---
title: "Conventions for MLModels Implementation"
author: "Brian J Smith"
date: "2021-07-23"
output: rmarkdown::html_vignette
bibliography: bibliography.bib
vignette: >
  %\VignetteIndexEntry{Conventions for MLModels Implementation}
  %\VignetteEngine{knitr::rmarkdown}
  %\VignetteEncoding{UTF-8}
---

```{r setup, include = FALSE}
knitr::opts_chunk$set(
  collapse = TRUE,
  comment = "#>"
)
```


## Model Constructor Components

- `MLModel` is a function supplied by the **MachineShop** package.  It allows for the integration of statistical and machine learning models supplied by other R packages with the **MachineShop** model fitting, prediction, and performance assessment tools.

- The following are guidelines for writing model constructor functions that are wrappers around the `MLModel` function.

- In this context, the term "constructor" refers to the wrapper function and "source package" to the package supplying the original model implementation.


### Constructor Arguments

- The constructor should produce a valid model if called without any arguments; i.e., not have any required arguments.

- The source package defaults will be used for parameters with `NULL` values.

- Model formula, data, and weights are separate from model parameters and should not be defined as constructor arguments.


### name Slot

- Use the same name as the constructor.


### packages Slot

- Include all external packages whose functions are called directly from within the constructor.

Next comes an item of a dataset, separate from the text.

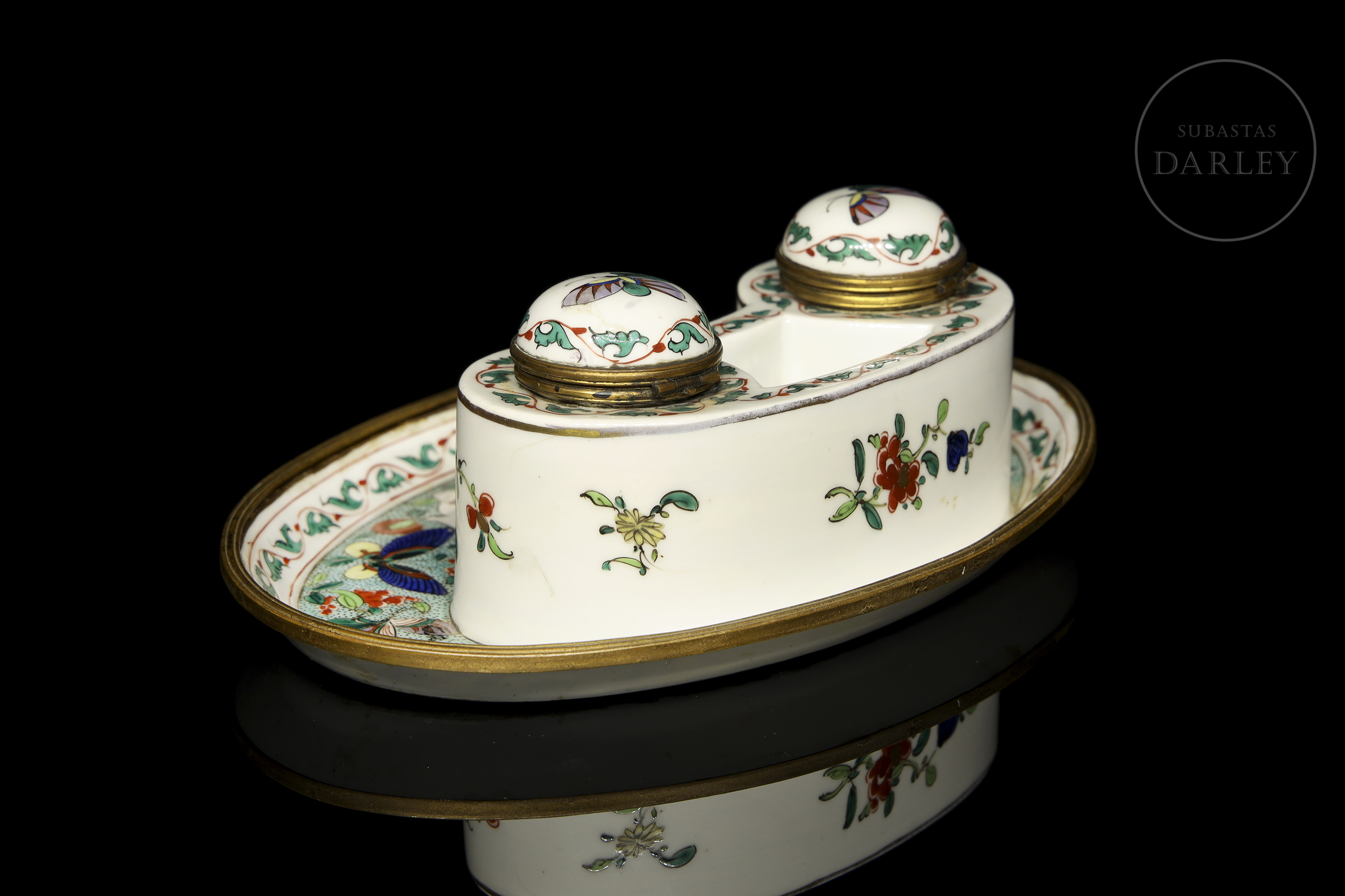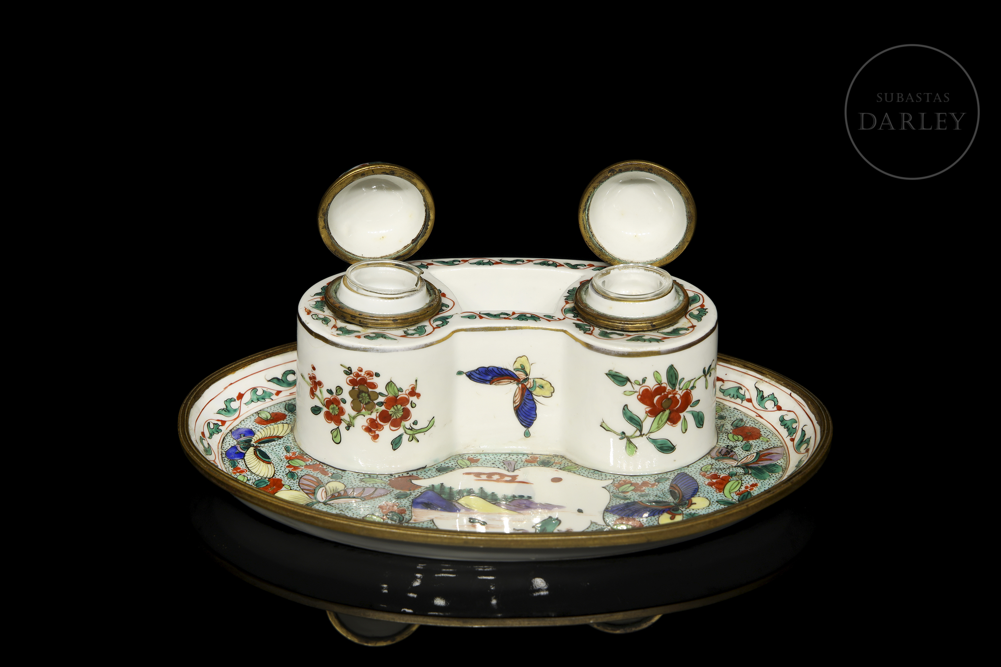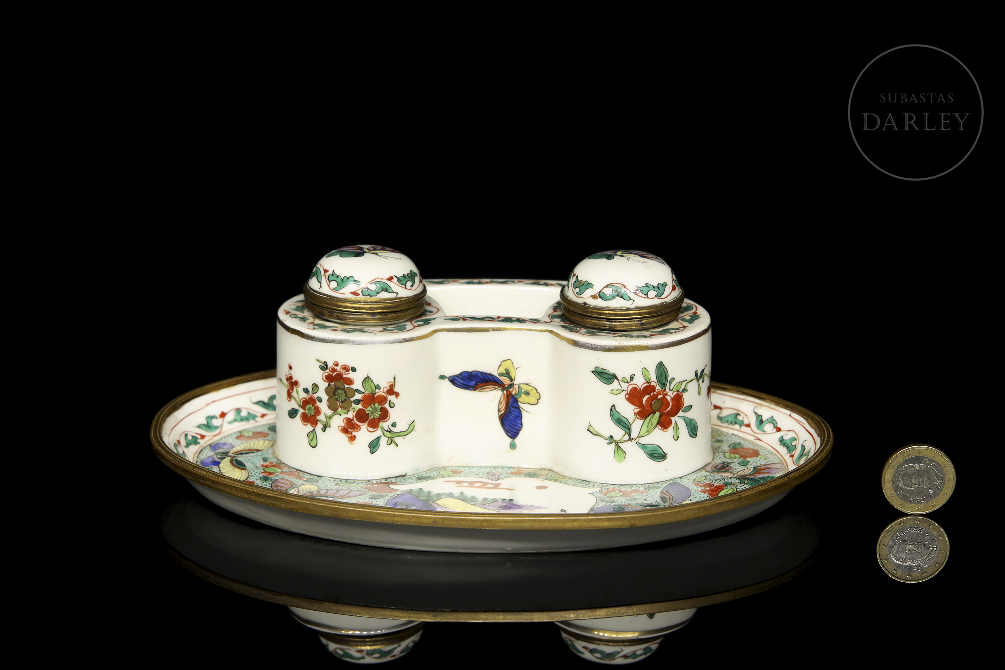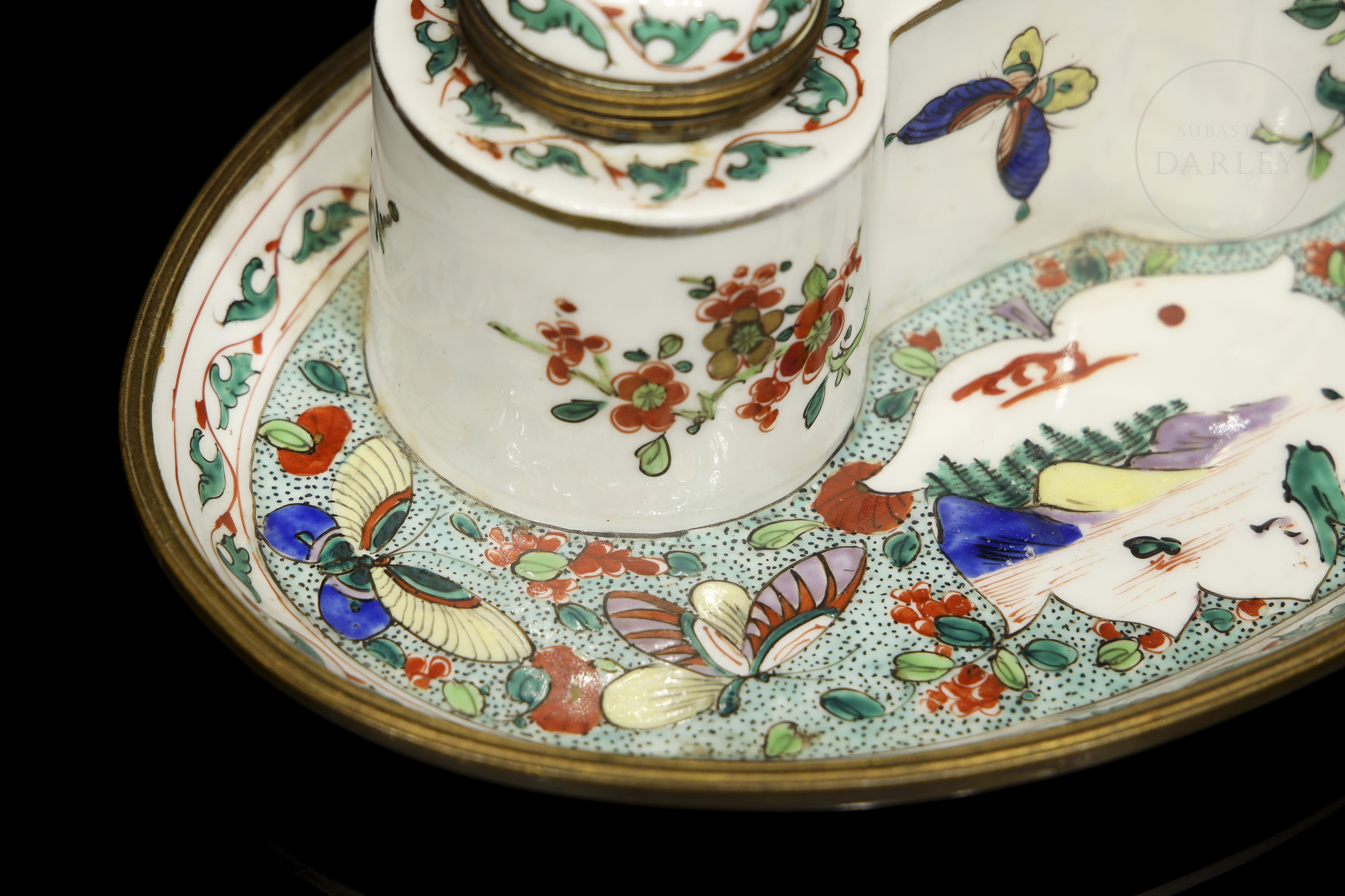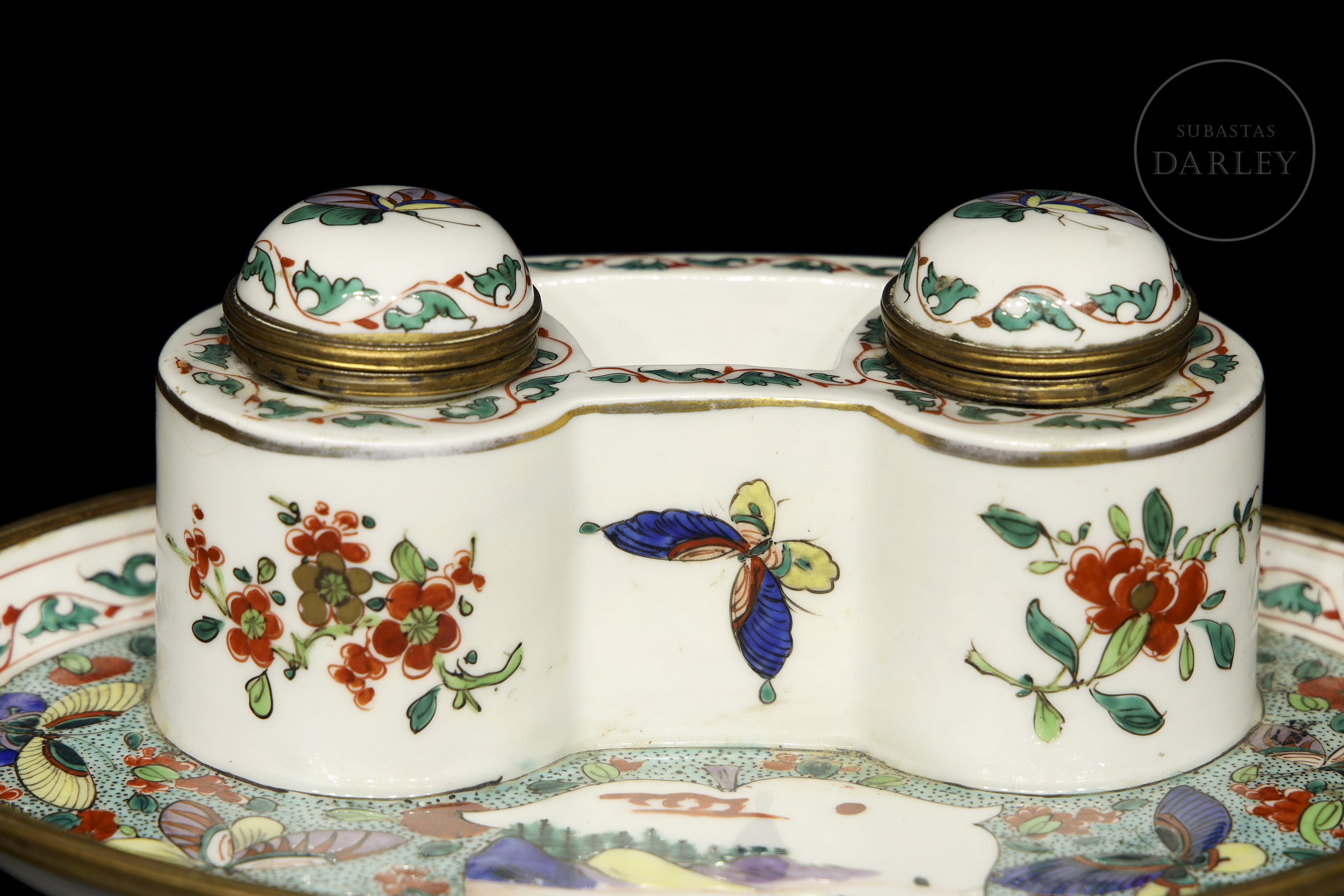 Glazed ceramic writing desk with double inkwell and central blotter. Asian-style decoration with vegetal and animal motifs on a white background. With factory stamp on the base.

- Use :: to reference source package functions.


### response_types Slot

- Include all response variable types (`"binary"`, `"factor"`, `"matrix"`, `"numeric"`, `"ordered"`, and/or `"Surv"`) that can be analyzed with the model.


### weights Slot

- Logical indicating whether the model supports case weights.


### params Slot

- List of parameter values set by the constructor, typically obtained internally with `new_params(environment())` if all arguments are to be passed to the source package fit function as supplied.  Additional steps may be needed to pass the constructor arguments to the source package in a different format; e.g., when some model parameters must be passed in a control structure, as in `C50Model` and `CForestModel`.


### fit Function

- The first three arguments should be `formula`, `data`, and `weights` followed by an ellipsis (`...`).

- If weights are not supported, the following, or equivalent, should be included in the function:

```{r eval = FALSE}
if(!all(weights == 1)) warning("weights are not supported and will be ignored")
```

- Only add elements to the resulting fit object if they are needed and will be used in the `predict` or `varimp` functions.

- Return the fit object.


### predict Function

- The arguments are a model fit `object`, `newdata` frame, optionally `times` for prediction at survival time points, and an ellipsis.

- The predict function should return a vector or column matrix of probabilities for the second level of binary factors, a matrix whose columns contain the probabilities for factors with more than two levels, a matrix of predicted responses if matrix, a vector or column matrix of predicted responses if numeric, a matrix whose columns contain survival probabilities at `times` if supplied, or a vector of predicted survival means if `times` are not supplied.


### varimp Function

- Should have a single model fit `object` argument followed by an ellipsis.

- Variable importance results should generally be returned as a vector with elements named after the corresponding predictor variables.  The package will handle conversions to a data frame and `VariableImportance` object.  If there is more than one set of relevant variable importance measures, they can be returned as a matrix or data frame with predictor variable names as the row names.


## Documenting an MLModel


### Model Parameters

- Include the first sentences from the source package.

- Start sentences with the parameter value type (logical, numeric, character, etc.).

- Start sentences with lowercase.

- Omit indefinite articles (a, an, etc.) from the starting sentences.


### Details Section

- Include response types (binary, factor, matrix, numeric, ordered, and/or Surv).

- Include the following sentence:
  
> Default values for the \code{NULL} arguments and further model details can be
> found in the source link below.


### Return (Value) Section

- Include the following sentence:

> MLModel class object.


### See Also Section

- Include a link to the source package function and the other method functions shown below.

```
\code{\link[<source package>]{<fit function>}}, \code{\link{fit}},
\code{\link{resample}}
```

## Package Extensions

- If adding a new model to the package, save its source code in a file whose name begins with "ML_" followed by the model name, and ending with a .R extension; e.g., `"R/ML_CustomModel.R"`.

- Export the model in `NAMESPACE`.

- Add any required packages to the "Suggests" section of `DESCRIPTION`.

- Add the model to `R/models.R`.

- Add the model to `R/modelinfo.R`.

- Add a unit testing file to `tests/testthat`.